Skip to content

Chunking Strategies

Chunkin uses LangChain text splitters for all chunking strategies. These are battle-tested components that provide high-quality document splitting.

recursive (Default)

RecursiveCharacterTextSplitter from LangChain - Recursively splits text using a hierarchy of separators.

Default separators: ["\n\n", "\n", " ", ""]

Best for: General purpose text chunking with good context preservation.

chunker = DocumentChunker(strategy="recursive")

character

CharacterTextSplitter from LangChain - Simple character-based splitting.

Best for: Simple use cases, consistent chunk sizes.

chunker = DocumentChunker(strategy="character", chunk_size=500)

markdown

MarkdownTextSplitter from LangChain - Splits markdown preserving structure.

Best for: Markdown documents where header hierarchy should be respected.

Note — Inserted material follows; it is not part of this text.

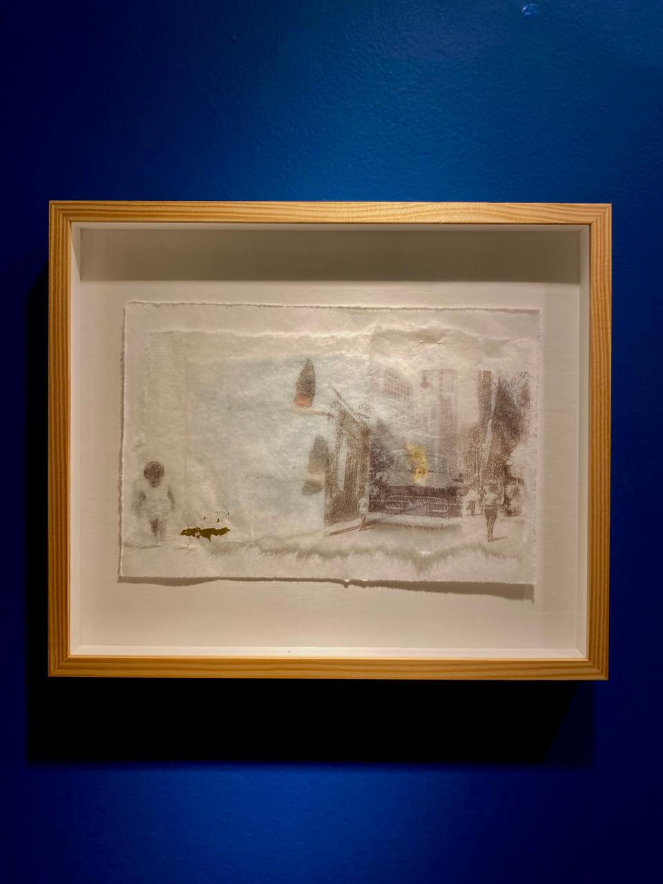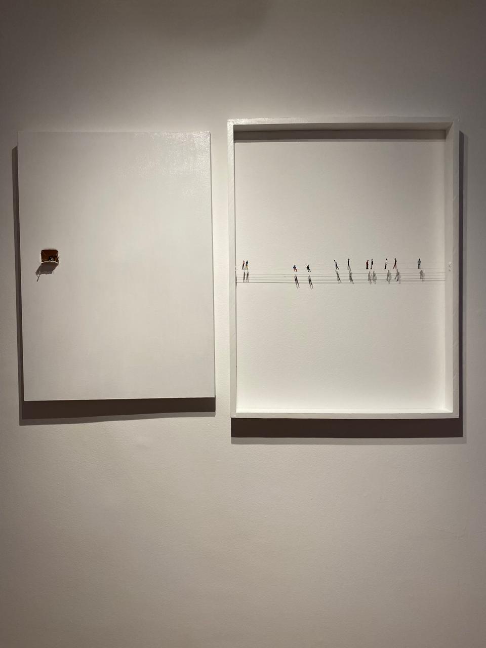 Memória pessoal e memória coletiva: Marcia Gadioli e Edilaine Brum. Marcia conecta a história da cidade e suas transformações às alterações que essas mudanças provocam nos indivíduos, utilizando técnicas como frotagem e transferência de imagem em papéis de diferentes qualidades e gramaturas. Edilaine, por sua vez, trabalha com memória pessoal, afetos, subjetividade e o feminino, trazendo objetos de outros tempos em composições que funcionam como disparadores de memórias.
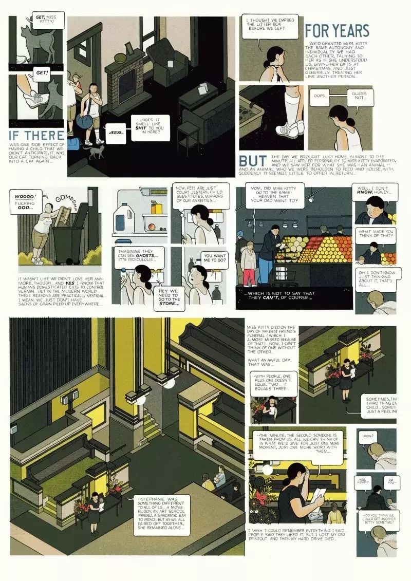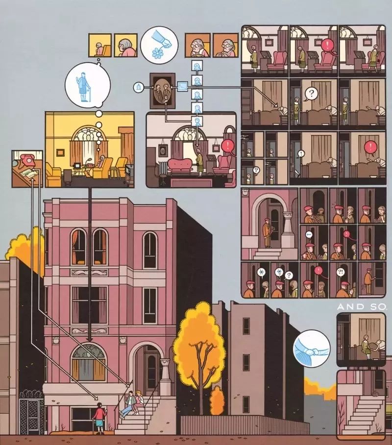 Chris Ware無疑是對建築的痴迷和熱愛的,建築是這部作品的載體,包括室內設計和色彩都非常考究,所以這部立體作品生動又獨特,二維的故事放在了多緯空間裡。

chunker = DocumentChunker(strategy="markdown", chunk_size=800)

markdown_headers

MarkdownHeaderTextSplitter from LangChain - Splits by markdown headers only.

Best for: When you want to group content by section headers.

chunker = DocumentChunker(strategy="markdown_headers")

html_headers

HTMLHeaderTextSplitter from LangChain - Splits HTML by header tags.

Best for: HTML documents, web page content.

chunker = DocumentChunker(strategy="html_headers")

semantic

SemanticChunker from LangChain Experimental - Uses embeddings to split text based on semantic similarity.

Best for: When you want chunks that maintain semantic coherence, better for RAG retrieval quality.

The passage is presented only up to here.